- Task brief
Will you transcribe all the entries word for word, skipping the pictures they hold?

>>>>

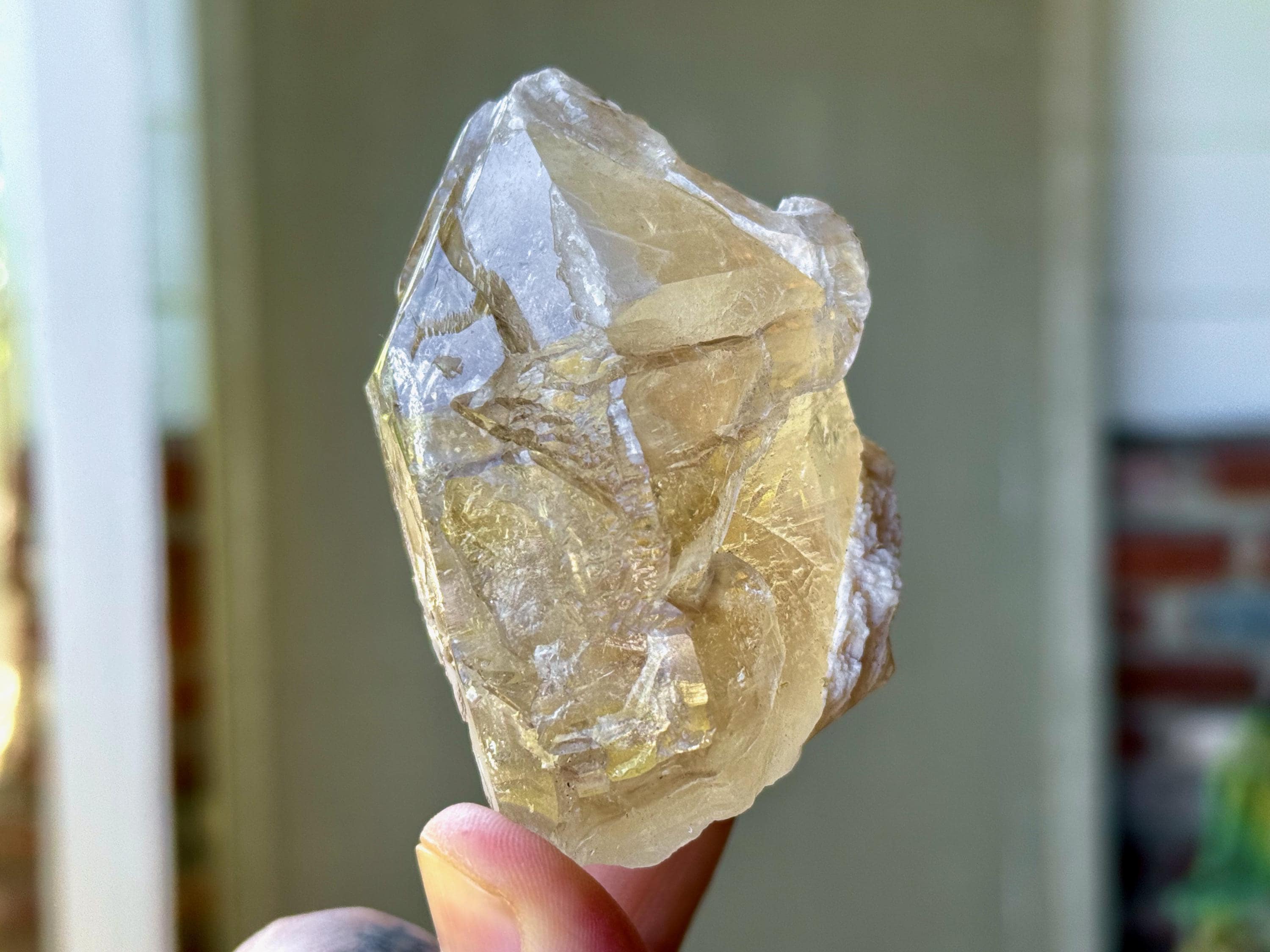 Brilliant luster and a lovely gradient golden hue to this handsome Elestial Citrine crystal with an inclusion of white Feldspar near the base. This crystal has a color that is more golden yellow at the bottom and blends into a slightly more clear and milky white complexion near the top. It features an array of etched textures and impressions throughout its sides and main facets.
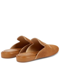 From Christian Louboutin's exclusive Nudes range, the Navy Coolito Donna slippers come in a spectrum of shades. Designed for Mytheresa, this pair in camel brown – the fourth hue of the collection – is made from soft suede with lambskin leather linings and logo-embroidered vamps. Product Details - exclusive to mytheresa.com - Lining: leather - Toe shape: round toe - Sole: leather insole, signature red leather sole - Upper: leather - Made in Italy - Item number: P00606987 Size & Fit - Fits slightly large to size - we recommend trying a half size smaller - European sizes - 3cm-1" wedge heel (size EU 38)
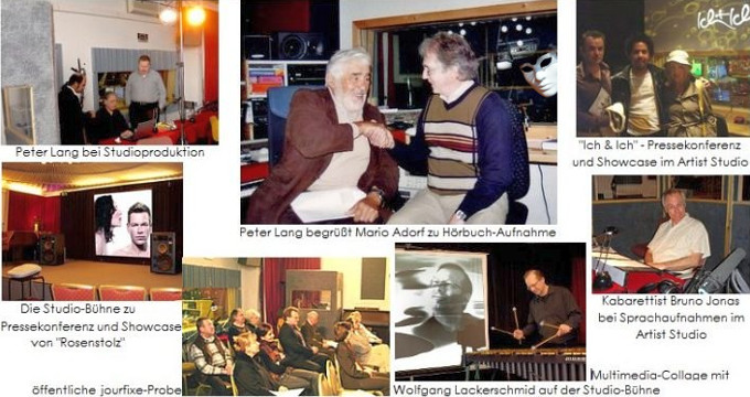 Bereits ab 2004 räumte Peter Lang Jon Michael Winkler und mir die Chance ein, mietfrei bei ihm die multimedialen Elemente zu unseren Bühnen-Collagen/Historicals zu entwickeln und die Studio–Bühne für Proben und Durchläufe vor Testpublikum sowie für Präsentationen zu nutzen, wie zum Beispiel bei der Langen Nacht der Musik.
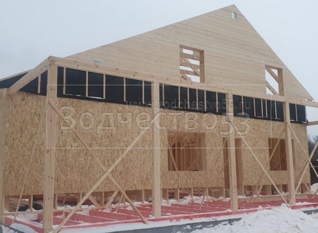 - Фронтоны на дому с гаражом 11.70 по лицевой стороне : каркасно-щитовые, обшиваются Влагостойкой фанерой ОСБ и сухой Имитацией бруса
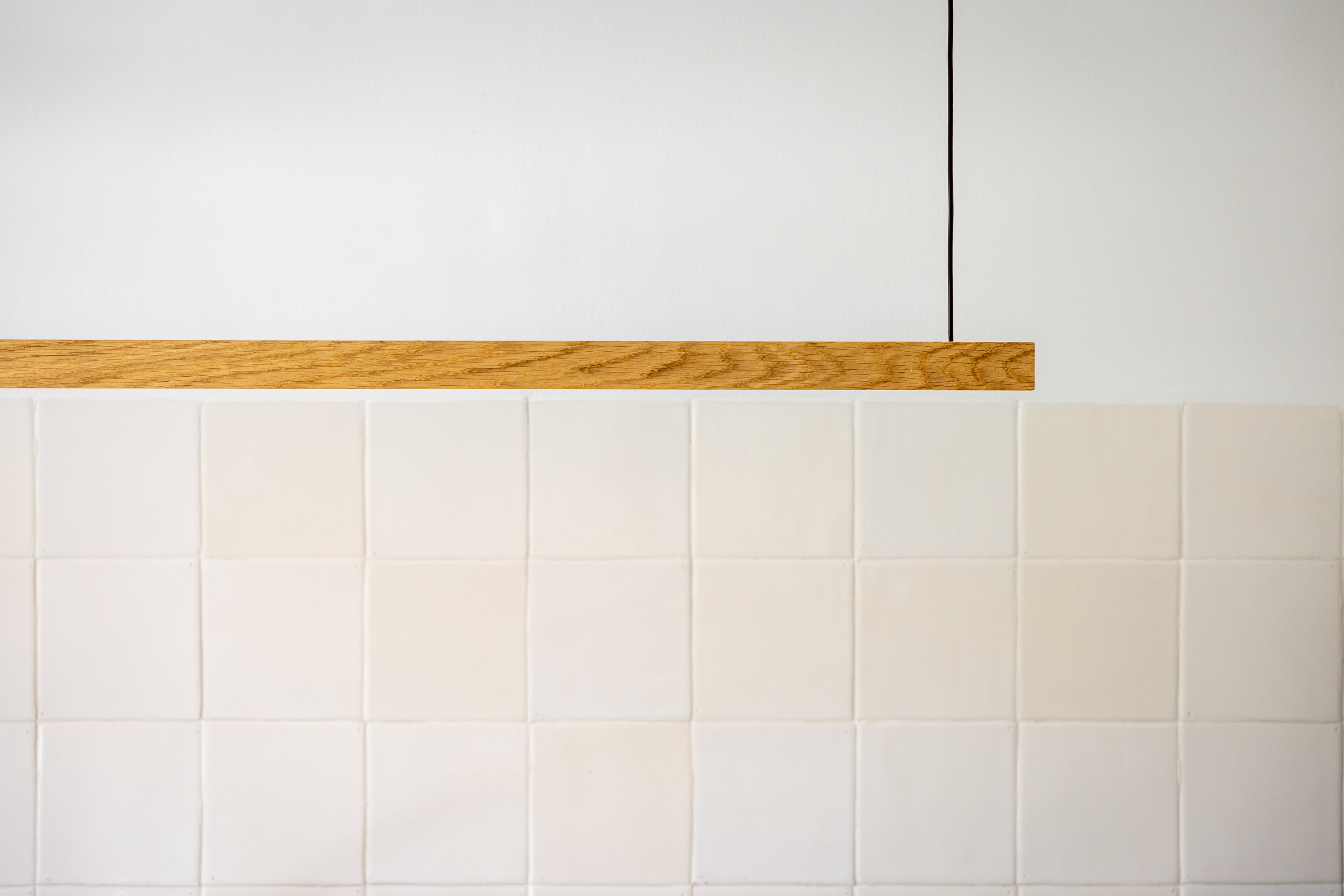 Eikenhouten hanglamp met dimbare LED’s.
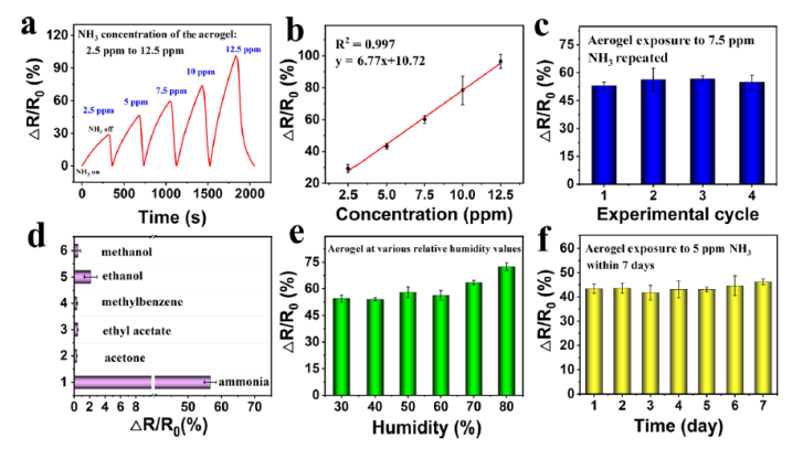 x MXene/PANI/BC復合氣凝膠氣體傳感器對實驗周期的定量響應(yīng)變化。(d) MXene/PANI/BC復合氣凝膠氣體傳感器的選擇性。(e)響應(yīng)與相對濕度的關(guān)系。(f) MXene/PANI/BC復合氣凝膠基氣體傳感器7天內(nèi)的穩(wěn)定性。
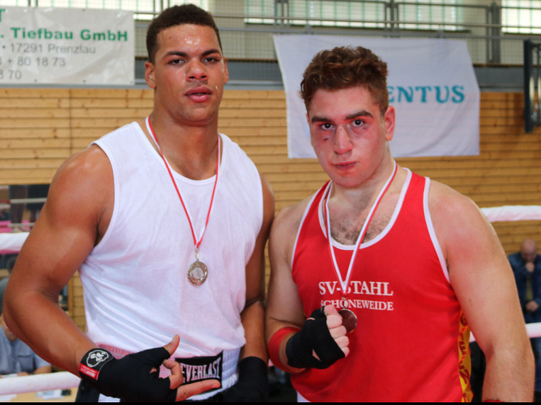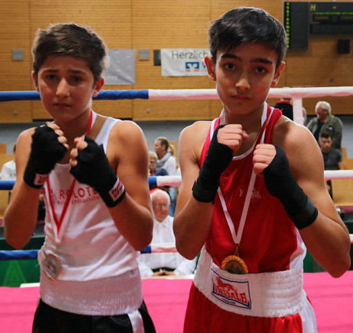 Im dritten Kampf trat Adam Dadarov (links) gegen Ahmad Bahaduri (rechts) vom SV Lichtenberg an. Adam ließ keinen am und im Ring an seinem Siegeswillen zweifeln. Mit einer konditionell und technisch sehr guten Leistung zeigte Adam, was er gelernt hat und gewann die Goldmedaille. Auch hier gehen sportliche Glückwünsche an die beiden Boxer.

<<<<

- Response
 Brilliant luster and a lovely gradient golden hue to this handsome Elestial Citrine crystal with an inclusion of white Feldspar near the base. This crystal has a color that is more golden yellow at the bottom and blends into a slightly more clear and milky white complexion near the top. It features an array of etched textures and impressions throughout its sides and main facets.
 From Christian Louboutin's exclusive Nudes range, the Navy Coolito Donna slippers come in a spectrum of shades. Designed for Mytheresa, this pair in camel brown – the fourth hue of the collection – is made from soft suede with lambskin leather linings and logo-embroidered vamps. Product Details - exclusive to mytheresa.com - Lining: leather - Toe shape: round toe - Sole: leather insole, signature red leather sole - Upper: leather - Made in Italy - Item number: P00606987 Size & Fit - Fits slightly large to size - we recommend trying a half size smaller - European sizes - 3cm-1" wedge heel (size EU 38)
 Bereits ab 2004 räumte Peter Lang Jon Michael Winkler und mir die Chance ein, mietfrei bei ihm die multimedialen Elemente zu unseren Bühnen-Collagen/Historicals zu entwickeln und die Studio–Bühne für Proben und Durchläufe vor Testpublikum sowie für Präsentationen zu nutzen, wie zum Beispiel bei der Langen Nacht der Musik.
 - Фронтоны на дому с гаражом 11.70 по лицевой стороне : каркасно-щитовые, обшиваются Влагостойкой фанерой ОСБ и сухой Имитацией бруса
 Eikenhouten hanglamp met dimbare LED’s.
 x MXene/PANI/BC復合氣凝膠氣體傳感器對實驗周期的定量響應(yīng)變化。(d) MXene/PANI/BC復合氣凝膠氣體傳感器的選擇性。(e)響應(yīng)與相對濕度的關(guān)系。(f) MXene/PANI/BC復合氣凝膠基氣體傳感器7天內(nèi)的穩(wěn)定性。
 Im dritten Kampf trat Adam Dadarov (links) gegen Ahmad Bahaduri (rechts) vom SV Lichtenberg an. Adam ließ keinen am und im Ring an seinem Siegeswillen zweifeln. Mit einer konditionell und technisch sehr guten Leistung zeigte Adam, was er gelernt hat und gewann die Goldmedaille. Auch hier gehen sportliche Glückwünsche an die beiden Boxer.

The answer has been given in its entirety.